Tuesday, July 26, 2016

Nicely conceived A WOMAN OF NO IMPORTANCE pleases at The Shaw

Oscar Wilde is one of Britain’s best known turn of the century authors.  He is the writer of the theater masterpiece, The Importance of Being Earnest (1895) and the much praised, The Picture of Dorian Gray (1890).

Wilde satirized English upper class society.  Often filled with biting satire, his writings also concerned decadence, duplicity and beauty.

His A Woman of No Importance showcases his talent as a writer of comedy and tragedy.  It parallels, in some ways, Wilde’s own life.  A lover of young beauty, especially youthful males, he idealized the best of society.  He loved being the center of attention, whether through sporting fancy clothing or being seen with beautiful people. 

Because of losing a lawsuit which centered on his contending he was slandered when the Marquess of Queensberry, the father of Wilde’s lover, Lord Alfred Douglas, accused him of gross indecency with men, he went to jail for two years, lost his societal standing and wealth, and eventually died a pauper, almost forgotten, at a young age.

A Woman of No Importance
, referred to as Wilde’s “weakest play,” because of its structure.  The first act-and-a-half reflects witty conversations of members of the upper-class, and the drama, the message of the play, is shoe-horned into the last half of the second act. 

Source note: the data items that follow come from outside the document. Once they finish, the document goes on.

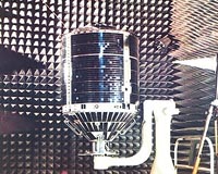 The photo shows AZUR, still on Earth, in an anechoic chamber. Here, the performance data for the onboard antennas and the reflection characteristics of the entire satellite were determined. Credit: Messerschmitt-Bolkow-Blohm.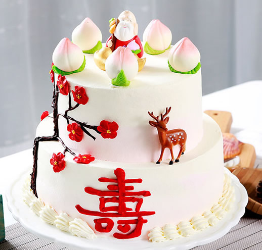 商品簡介:12+8寸雙層祝壽蛋糕,內(nèi)層原味海綿蛋糕胚+乳脂奶油(含水果果肉)疊層,表層壽桃等擺件裝飾。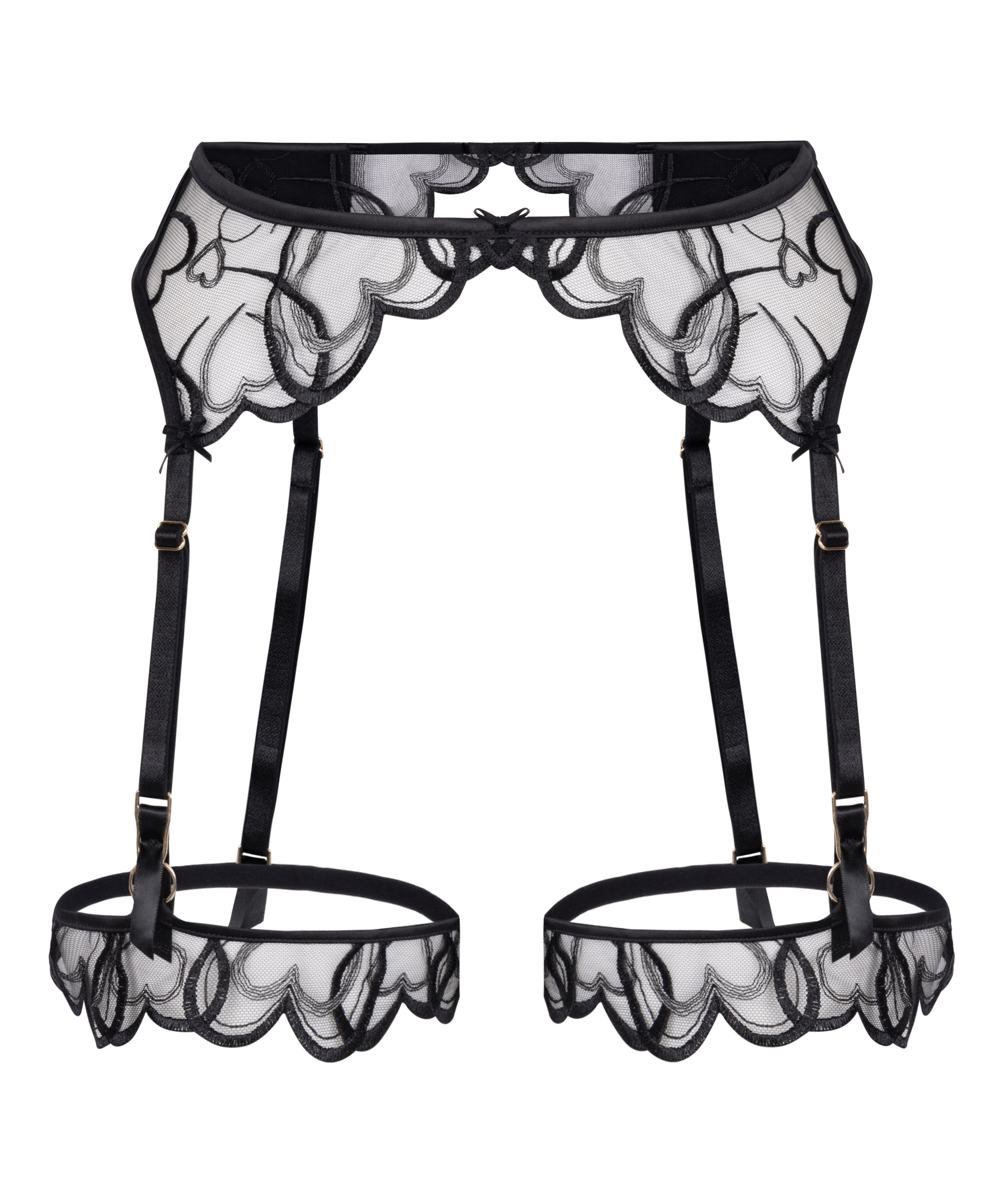 Añade un coqueto toque final a tu look de lencería con este romántico liguero, con delicados detalles de encaje en forma de corazón. Diseñado para asentarse cómodamente en la cintura, añade un toque juguetón pero elegante a cualquier conjunto. Las correas regulables permiten un ajuste perfecto con tus medias favoritas. ¡Ideal para combinar con el sujetador y la braguita a juego!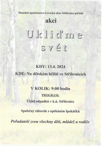 Ukliďme svět - úklid obce Stříbrnice 13.4.2024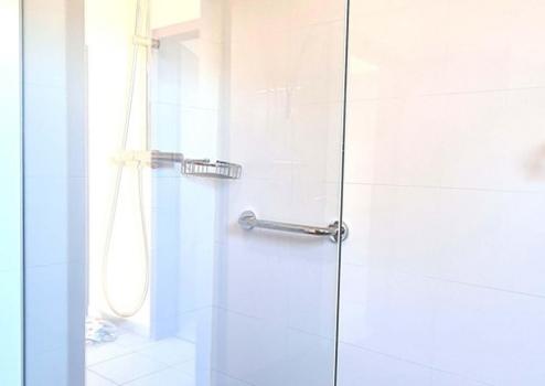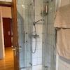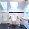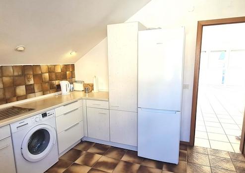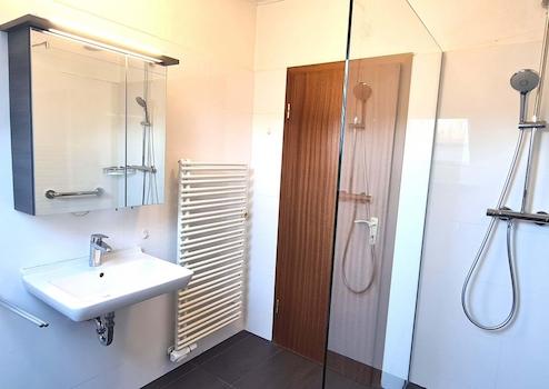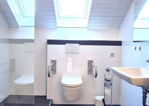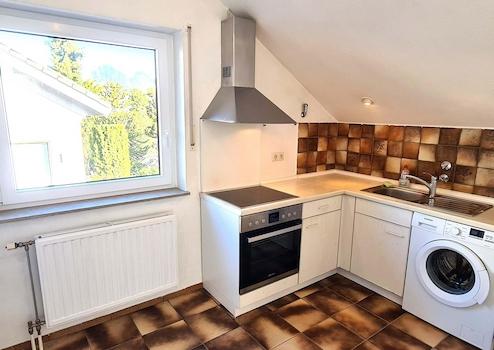 Die eigenständige Wohnung im Obergeschoss bietet ebenfalls einen großzügigen, nach Westen orientierten Wohn-Ess-Raum mit bodentiefen Fenstern und ein Tageslichtbad mit Walk-In-Dusche. Die Küche und der Schlafraum sind hingegen nach Osten orientiert und bieten ausreichend Platz für einen Zweipersonenhaushalt. Ein Abstellraum neben der Küche und ein Putzmittelraum neben dem Bad sind sehr funktional positioniert. Weitere großzügige Stauflächen befinden sich in den Drempeln und im Dachboden, der über eine ausklappbare Dachbodenleiter erschlossen ist.

The play was written to take place in “the present,” 1894.  Eda Holmes, Shaw’s director, chose to set it in 1951, the year that, in Britain,  the Conservatives ousted the Labor government.  Both the late 1800s and the 1950s were periods that were highlighted by society having “the power to make or break the individual.”  As it mattered little to the meaning of the play, her choice may have been nothing more than to give a chance to showcase the Dior styled costumes that populated the stage.

The majority of the first act centers on Lady Caroline Pontefract and American visitor, Hester Worsley, gossiping, learning that Lord Arbuthnot, a powerful political figure, may be appointing Gerald Arbuthnot as his secretary, and discussing that Lord Illingworth wanted to be a foreign ambassador.  Gerald offers to take Hester for a walk, Lady Hunstanton and Lady Stutfield share observations about Hester’s background and wealth.  You get it…much ado about nothing.  But, due to Wilde’s way with words, the goings on are fun.

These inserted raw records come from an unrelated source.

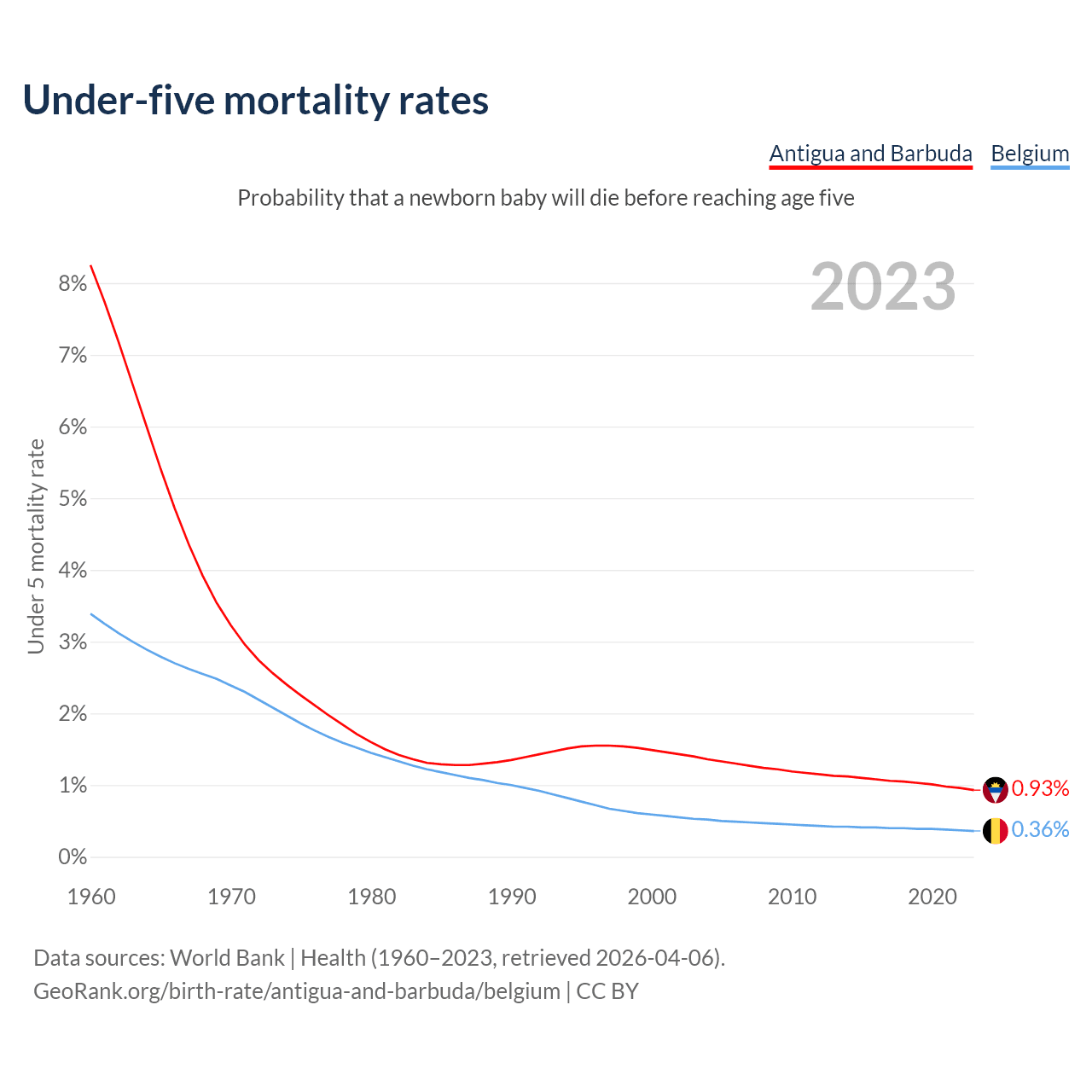 The chance that a newborn baby will die before reaching age five is 0.93% in Antigua and Barbuda and 0.36% in Belgium. Above is a chart with historical data on under-five mortality rates.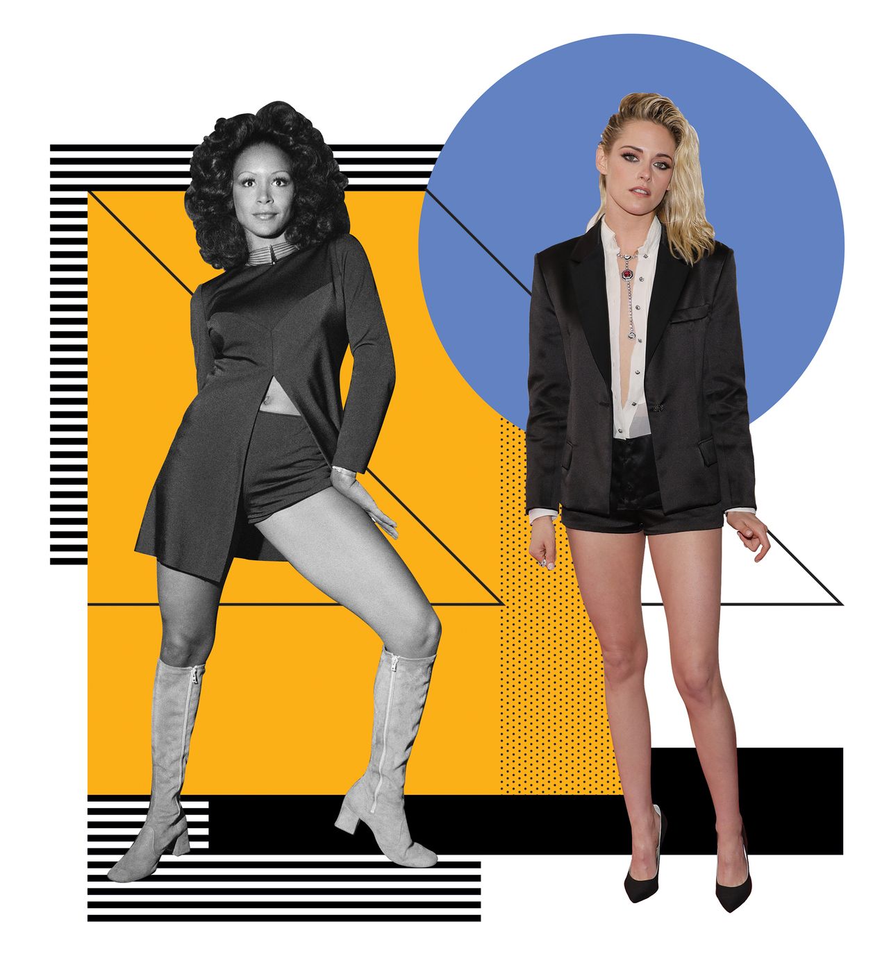 短暫相遇:左起約1970年的美國女演員兼歌手弗雷達·佩恩;2022年奧斯卡頒獎禮上身着香奈兒熱褲套裝的克里斯汀·斯圖爾特。插畫:馬特·蔡斯;蓋蒂圖片社(2張)**“低俗品味是壞事嗎?”**1971年一位英國《Vogue》撰稿人發出這樣的疑問。當時,關於得體與禮儀的舊規則被拋棄,取而代之的是個人表達與風格上的無拘無束。低俗不再糟糕,反而成為時尚。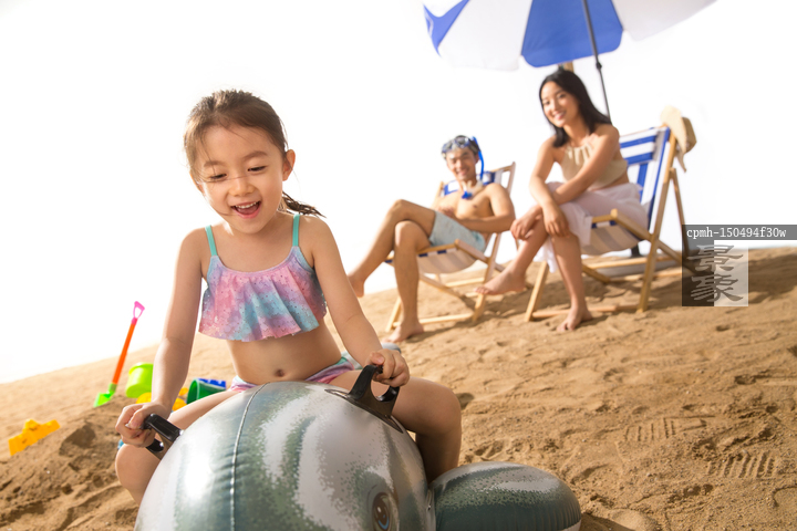 图片标题: 幸福家庭在沙滩上玩耍
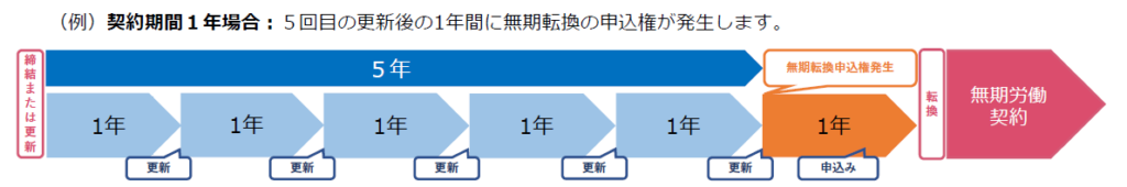まず、明示の対象となる従業員ですが、全ての有期契約従業員ではなく、「無期転換申込権」が発生する従業員のみです。無期転換申込権とは、同じ会社と有期契約従業員との間で、契約期間が通算して5年を超過して更新された場合、当該従業員からの申込により、有期契約が無期契約に転換されるルールのことをいいます。

The wrinkle in the fabric comes when Mrs. Arbuthnot sends a note that she is coming to the party.  A question comes as to who she is.  The response, “A woman of no importance.”

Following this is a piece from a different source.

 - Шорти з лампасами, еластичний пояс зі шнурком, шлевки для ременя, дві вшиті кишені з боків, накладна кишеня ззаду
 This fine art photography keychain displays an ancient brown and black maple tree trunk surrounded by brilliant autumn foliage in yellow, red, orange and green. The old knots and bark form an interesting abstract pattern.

But, of importance she is, as we find out that Mrs. Arbuthnot is Gerald’s mother, and Gerald is the illegitimate son of Lord Illingworth. When it is revealed to Gerald who his father is, he insists it is the duty of Mrs. Arbuthnot and Lord Illingworth to get married.  And, we finally have the dramatic segment of the script which leaves the audience to consider whether the marriage will take place.  Fear not, Mrs. Arbuthnot decides that Lord Illingworth is a “man of no importance.”

The story is weak, but Wilde’s writing is not.  The dialogue is filled with bon mots.  Included are:  “Nothing spoils romance so much as a sense of humor in the woman.”  “To get into the best society, nowadays, one has either to feed people, amuse people, or shock people - that is all!”  “The happiness of a married man depends on the people he has not married.” “No woman should have a memory. Memory in a woman is the beginning of dowdiness. One can always tell from a woman's bonnet whether she has got a memory or not.”  And, one of the most quoted lines from the script, “Duty is what one expects from others, it is not what one does oneself.”

The Shaw production is nicely conceived.  The sarcasm, the wit, is present, the pacing such that the attention is kept, and the fact that the tale is shallow becomes secondary to the writer’s cleverness, which flows from his characters.

The Dior costumes are elegant, the incidental music helps set the mood, and the acting excellent.

Capsule judgment:  Though A Woman of No Importance is not of the quality of some of Irish playwright Oscar Wilde’s other comedy of manners plays which satirize English upper society, such as The Importance of Being Earnest, there is enough going for this production, including quality acting, nicely timed laughs, beautiful costumes, and original music, to strongly recommend it.

A Woman of No Importance
is presented in the Festival Theatre through October 22 at The Shaw Festival and is a tribute to George Bernard Shaw and his writing contemporaries.  The Shaw has been dubbed “One of the great repertory theaters in the English-speaking world.”